L. deliciosus is an edible mushroom, but may taste mild or bitter; its misleading epithet, deliciosus ('delicious'), may have been caused by Linnaeus mistaking it for another species. The mushrooms are collected from August to early October, in the Northern Hemisphere and April to June in the Southern Hemisphere. Traditionally being salted or pickled. High consumption of the species may cause urine to discolor to orange or red.

It is widely collected in the Iberian Peninsula. It is used in Spanish cuisine. One recipe recommends they should be lightly washed, fried whole cap down in olive oil with a small amount of garlic and served drenched in raw olive oil and parsley. Only a very small amount of butter is recommended in the pan.

This mushroom is also very popular in Russia, usually salted.

Further north and east it is a feature of Provençal cuisine.

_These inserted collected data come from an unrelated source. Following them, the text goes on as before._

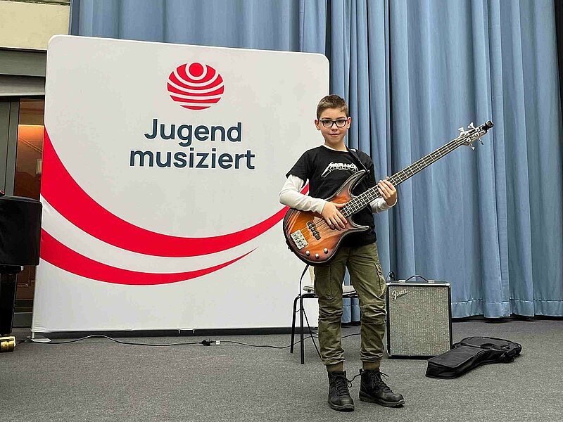 Bennet Schwehn trat am E-Bass in der Altersklasse 2 in der Musikschule Wiesbaden an und erreichte mit 24 von 25 Punkten einen sensationellen 1. Platz, verbunden mit der Weiterleitung zum Landeswettbewerb. Dieser wird am 17.3.24 in der Landesjugend Akademie in Schlitz durchgeführt. Als besondere Belohnung durfte Benett ferner beim Preisträgerkonzert am Freitag, den 15.2.24 in der Musikschule in Wiesbaden mitwirken.
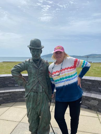 On the road back we learned that Charlei Chaplin loved Kerry and often visited and lived there. We found a statue in his honor So, here is the required selfie,
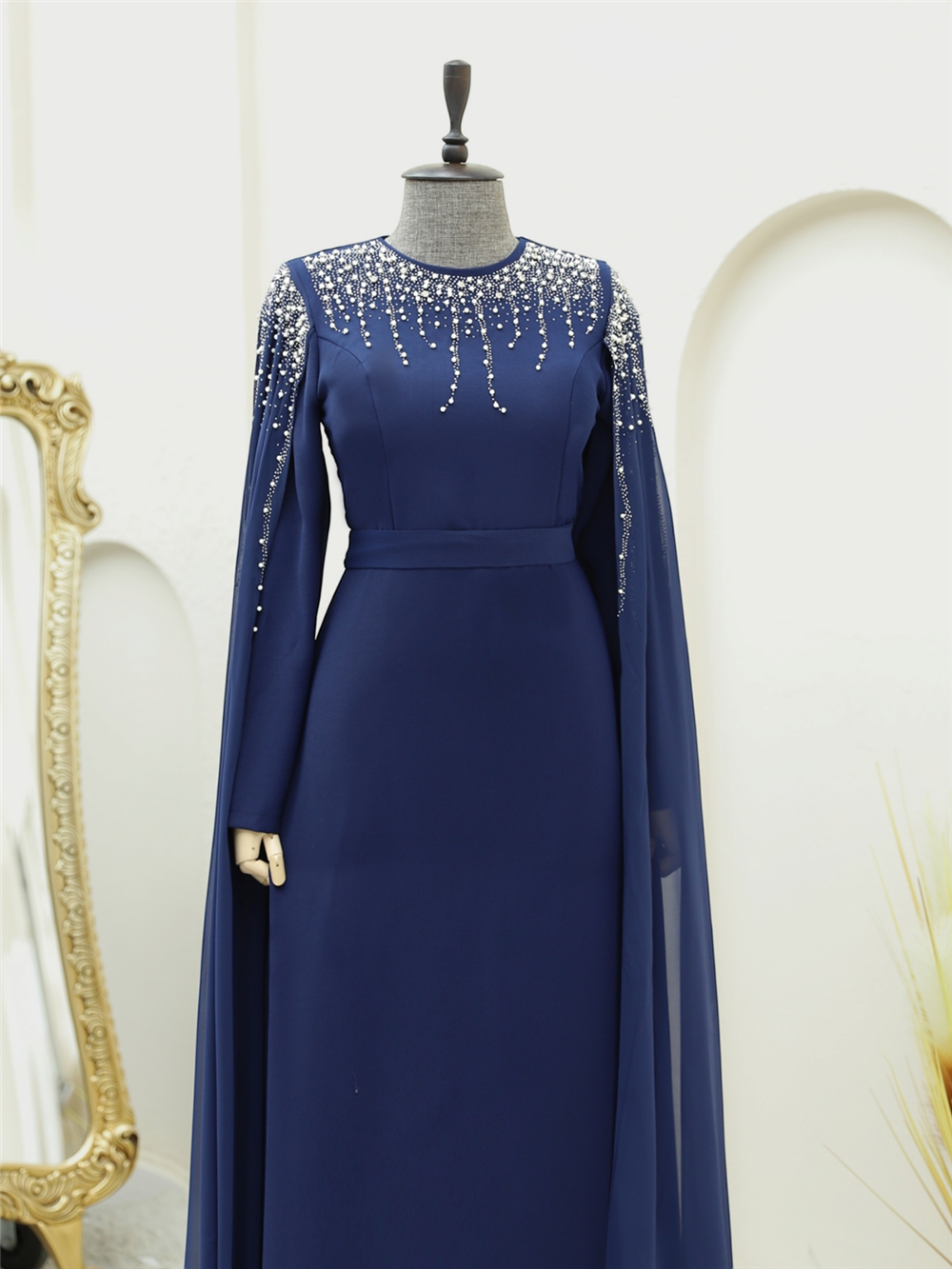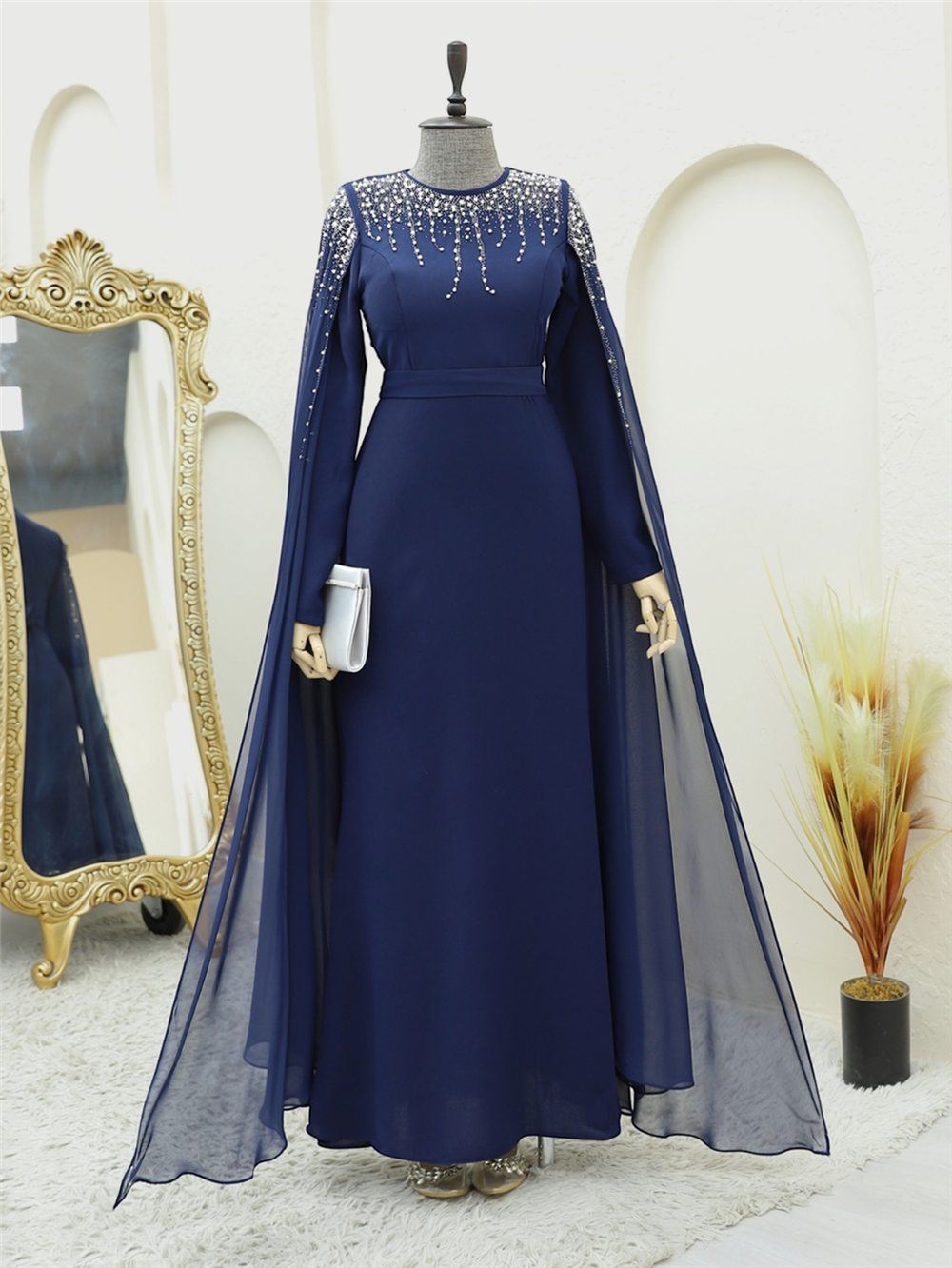 Üstü Taş Ve Boncuklu Pelerinli Abiye -Laci (316-4637-R03)
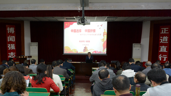 为深入开展“不忘初心、牢记使命”主题教育,深化党史、新中国史学习,引导党员不断增强守初心、担使命的思想自觉和行动自觉,10月16日,我校机关一党总支、机关二党总支,图书馆直属党支部联合举办“学习党史新中国史”专题报告会。120余名教职工党员听取报告、接受教育。
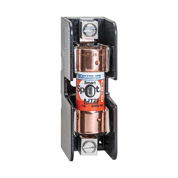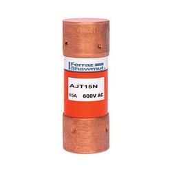 Amp-Trap 2000® AJT fuses provide non-indication as well as a SmartSpot® visual open fuse indicator. With advanced material technology the AJT fuse provides IEC Type 2 No Damage protection to main, feeder and branch circuits, for all types of loads - yet, they require only half the mounting space needed for 600 VAC Class RK fuses. AJT's time delay characteristics are ideal for handling typical motor and transformer inrush currents, while also providing superior current-limiting ability.15A 600V TIME DELAY J FUSE NIN
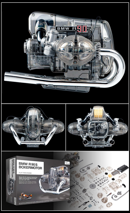 Moteur BMW R 90 S Boxer 2 Cylindres 1973 - Réplique entièrement fonctionnelle 200 pièces à monter soi-même - Socle de présentation inclus Boite 5 vitesses fonctionnelle - Bouton de mise en marche avec cycle "son et lumières" Reproduction sonore du moteur - Fonctionne avec 3 piles AAA Superbe manuel illustré en anglais et allemand - Echelle 1/2 199,95 € TTC / Incl. Taxes
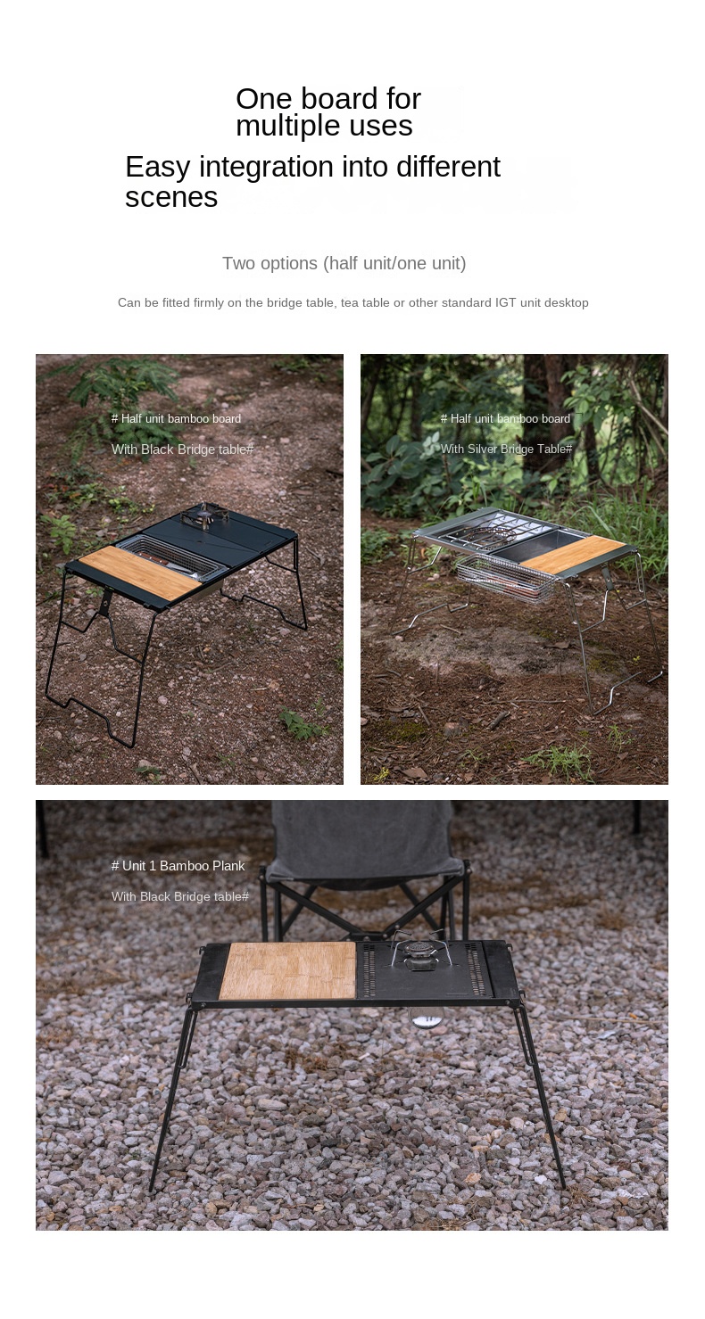 Campingmoon IGT Bamboo Board Plate Cutting Board For Chopping & Cover Integrated Grill Table Available In 1 & 1/2-Unit Size Outdoor Ck-P25 CK-P12
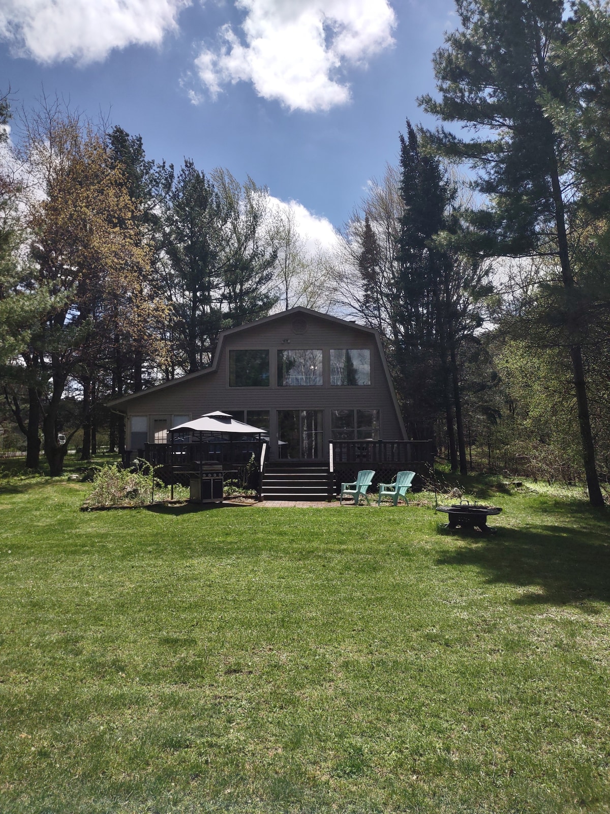 We’re located just outside of town with easy access to all that the beautiful Waupaca area has to offer. Only 10 minutes from the Chain! The property is surrounded by Maple and Oak mature forest yet has an open meadow perfect for picnics and star gazing. It is beautiful here; you can rest and recharge close to nature. Adventure Outpost is totally updated and designed for your comfort and convenience. The space is cozy, light and refreshing and big enough for the whole family!
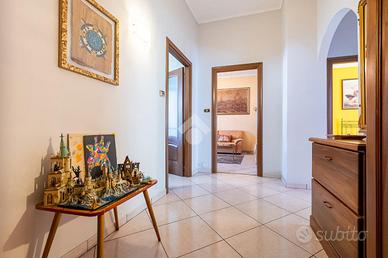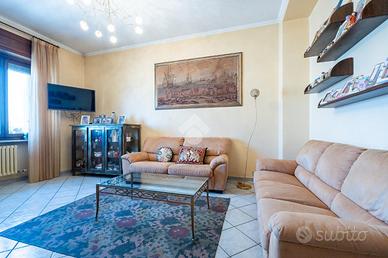 La palazzina è ubicata nel pieno centro della Città, in una posizione ideale per la presenza in prossimità di tutti i servizi ed a qualche centinaio di metri dall'ingresso della tangenziale nord. La sua costruzione risale alla fine degli anni '50 e si presenta in buono stato sia per quanto riguarda le facciate che per quanto riguarda le altre parti comuni. Lo stabile non è dotato di ascensore. L'appartamento proposto è stato completamente ristrutturato nei primi degli anni 2000, utilizzando materiali di ottima fattura e si presenta attualmente in condizioni veramente impeccabili. Sono stati installati anche i vetri camera sui serramenti in legno già esistenti. La distribuzione degli ambienti, tutti di generose dimensioni, è quella classica del periodo della costruzione, con l'ampio ingresso che funge da disimpegno. La cucina è perfettamente abitabile, anche grazie all'angolo cottura che ne completa e migliora la fruibilità e dà, inoltre, accesso al balcone lato cortile, accessoriato con tende estive/invernali e con un armadio su misura utilizzabile come ripostiglio. L'adiacente soggiorno, molto luminoso, potrebbe essere utilizzato, volendo, anche come terza camera da letto, in aggiunta alla matrimoniale, con balcone ed a quella dei ragazzi. Il bagno è accessoriato con il capiente box doccia. L'impianto di riscaldamento è autonomo e la caldaia è posizionata nel balcone lato cortile. L'immobile è accessoriato anche da due climatizzatori, posti nelle due camere da letto, che ne garantiscono un adeguato raffrescamento. Completa la proprietà la capiente cantina al piano interrato. Possibilità, infine, di acquistare anche il Box Auto, situato nel cortile condominiale.
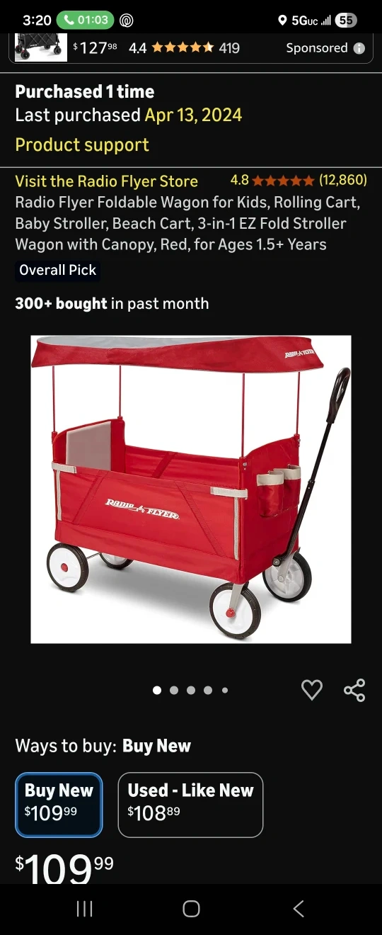 I'm selling a Radio Flyer Foldable Wagon for kids! It's a rolling cart, baby stroller, and beach cart all in one. It's designed as a 3-in-1 EZ fold stroller wagon with a canopy. Perfect for ages 1.5+ years!
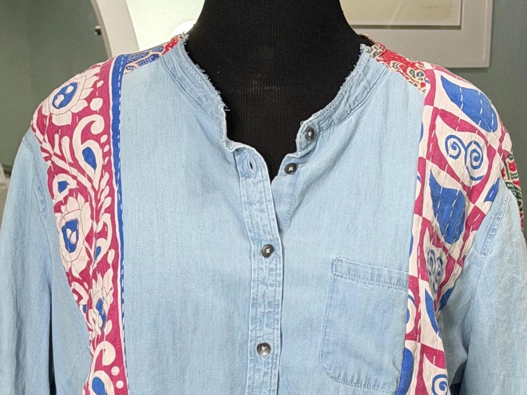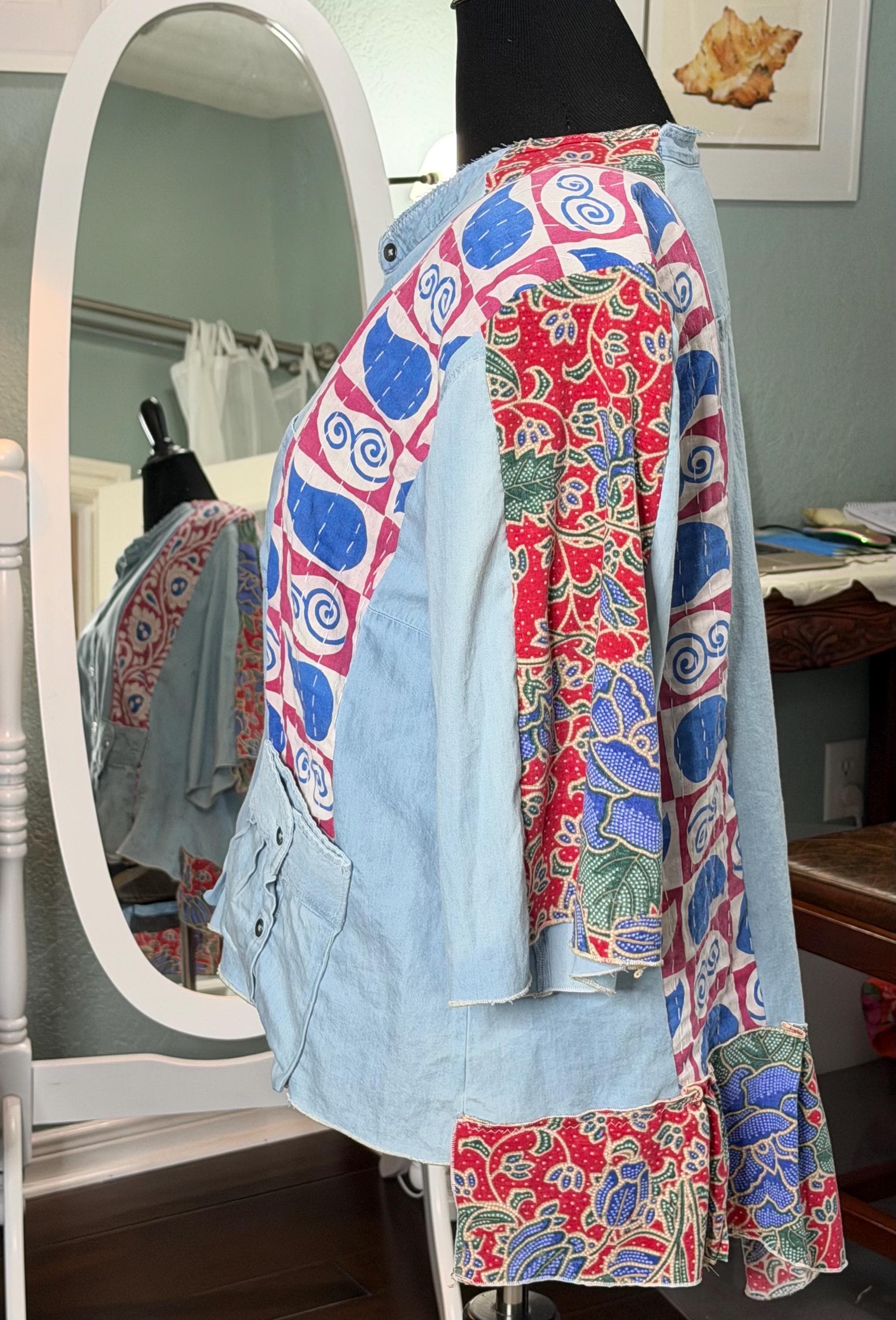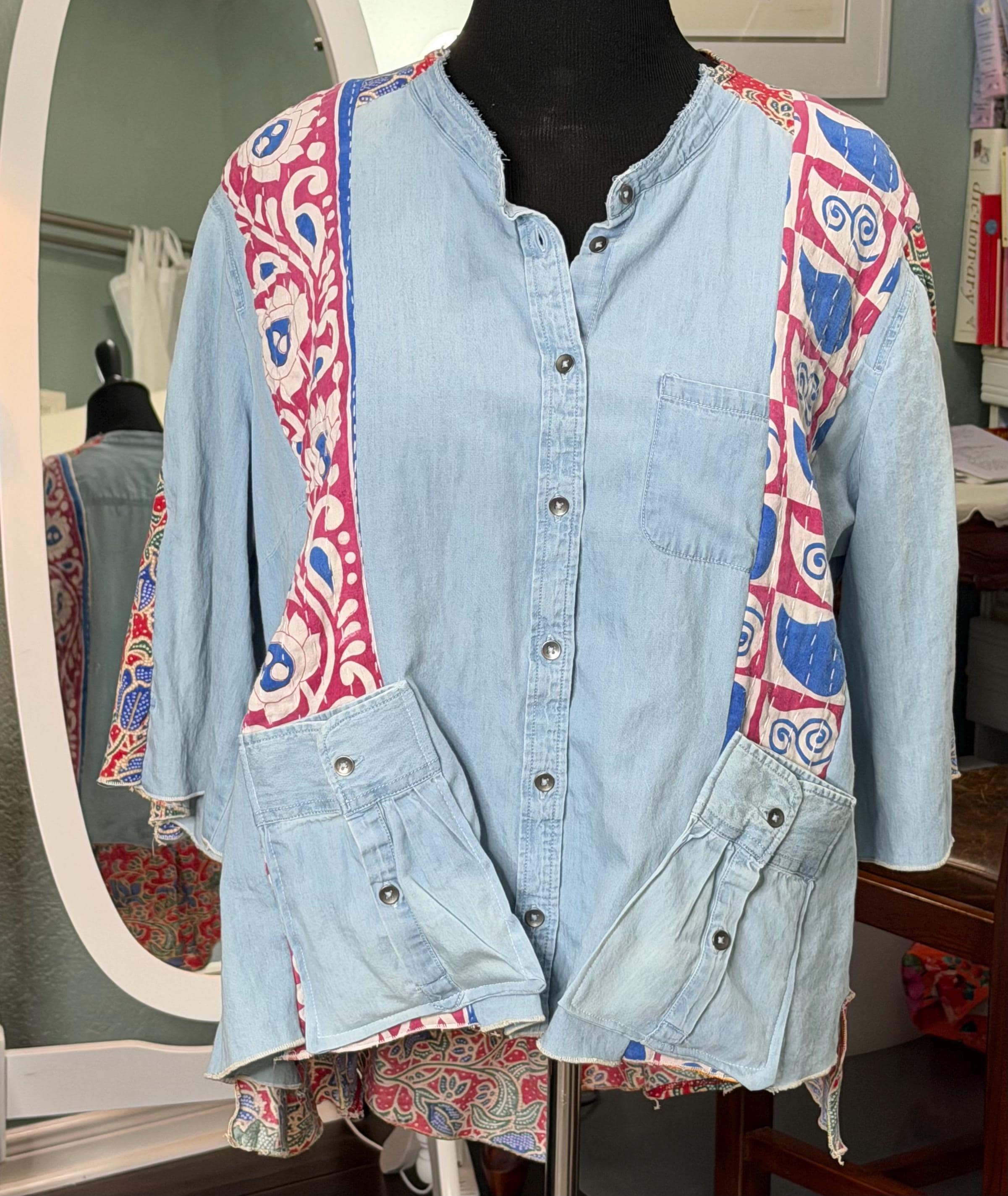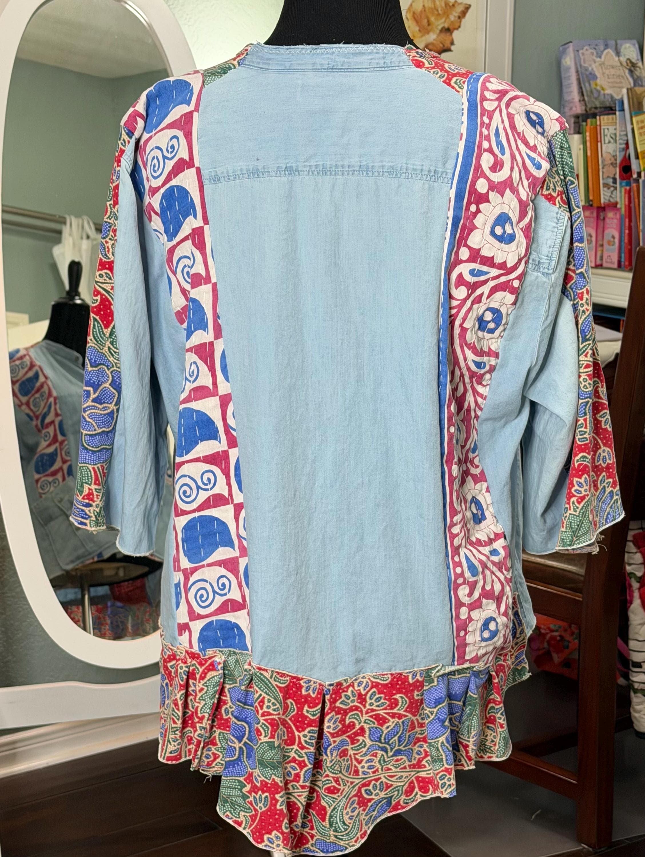 This one of a kind light denim jacket is easy fitting and special. It has an inset of red print fabric along the top sleeves and a stripe of kantha fabric on the front as well as the back. The back hem line has a matching ruffle. There are also two large front side pockets.

They are also collected in Poland, where they are traditionally served fried in butter, with cream, or marinated. In Cyprus, saffron milk caps are usually grilled on the charcoal and then dressed in olive oil and lemon or bitter orange, they are sauteed with onions, or sometimes stewed with onions, coriander and red wine. In Russian cuisine these mushrooms are traditionally preserved by salting.

In India, the fungus is one of the ten most widely consumed mushrooms by indigenous tribes of Meghalaya.

==Culture==
A fresco in the Roman town of Herculaneum appears to depict L. deliciosus and is one of the earliest pieces of art to illustrate a fungus.